> [Data shown]
|---|
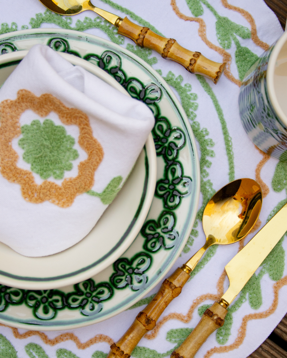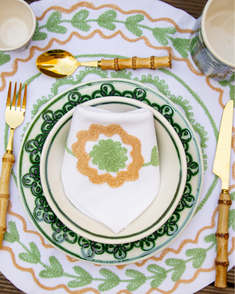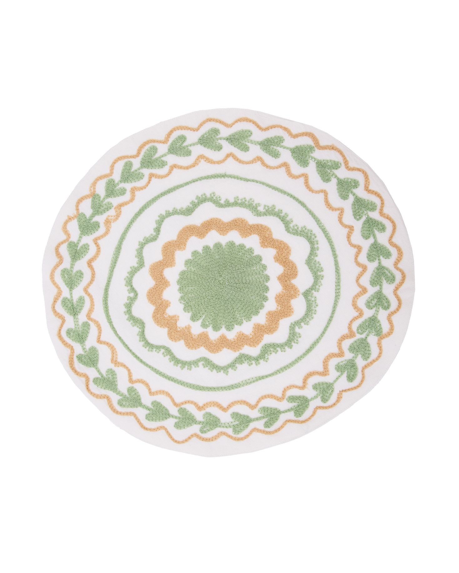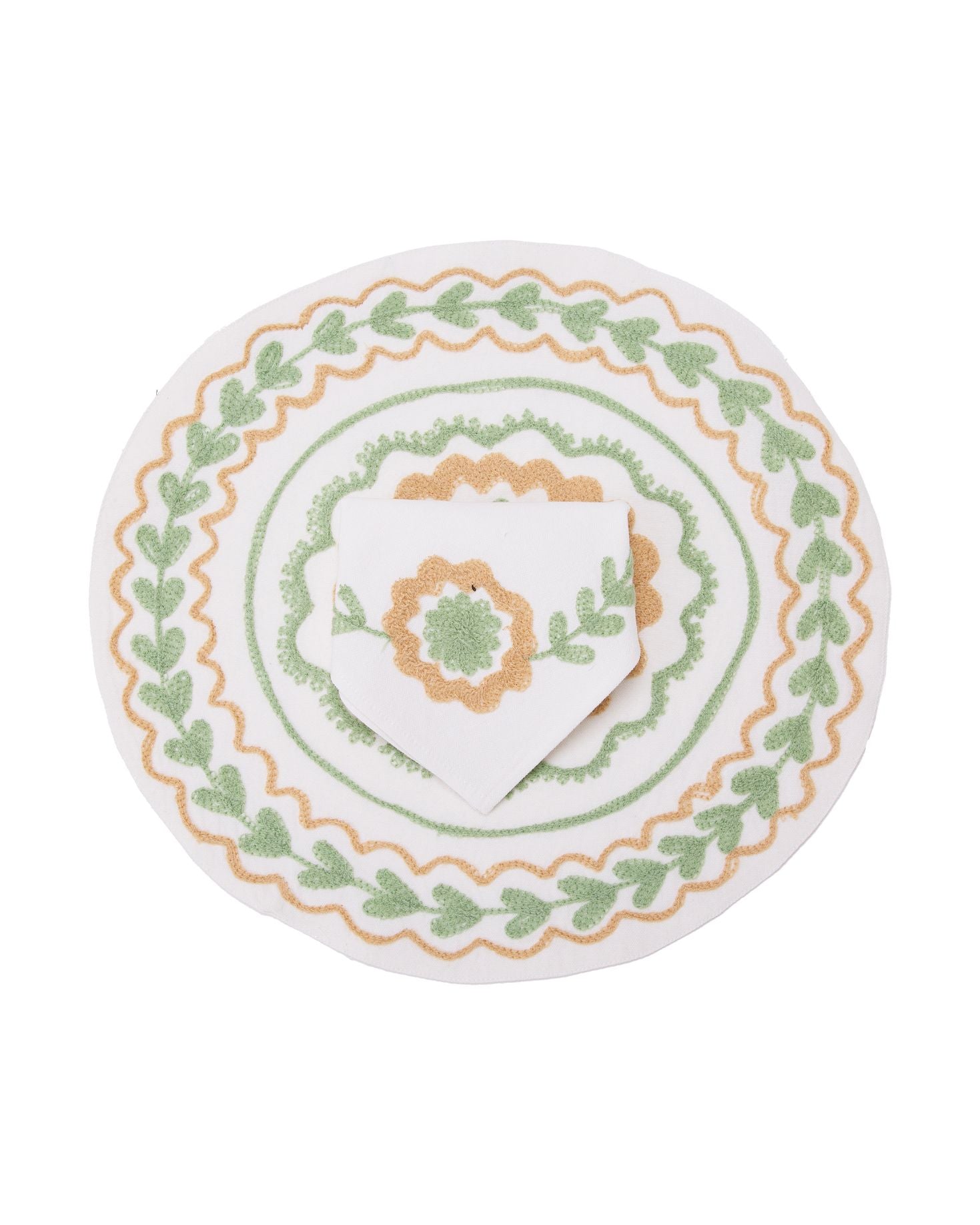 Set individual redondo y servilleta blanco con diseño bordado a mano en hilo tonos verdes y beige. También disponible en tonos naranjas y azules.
|---|
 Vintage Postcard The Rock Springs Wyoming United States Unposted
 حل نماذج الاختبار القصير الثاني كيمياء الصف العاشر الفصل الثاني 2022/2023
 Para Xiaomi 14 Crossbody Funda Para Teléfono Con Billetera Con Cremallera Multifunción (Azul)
|---|
> [Task to complete] Above are the entries. Quote exactly the lines from the one bearing "Vintage Postcard The" through the one bearing "Para Xiaomi 14".

> [Result of the exercise]
 Vintage Postcard The Rock Springs Wyoming United States Unposted
 حل نماذج الاختبار القصير الثاني كيمياء الصف العاشر الفصل الثاني 2022/2023
 Para Xiaomi 14 Crossbody Funda Para Teléfono Con Billetera Con Cremallera Multifunción (Azul)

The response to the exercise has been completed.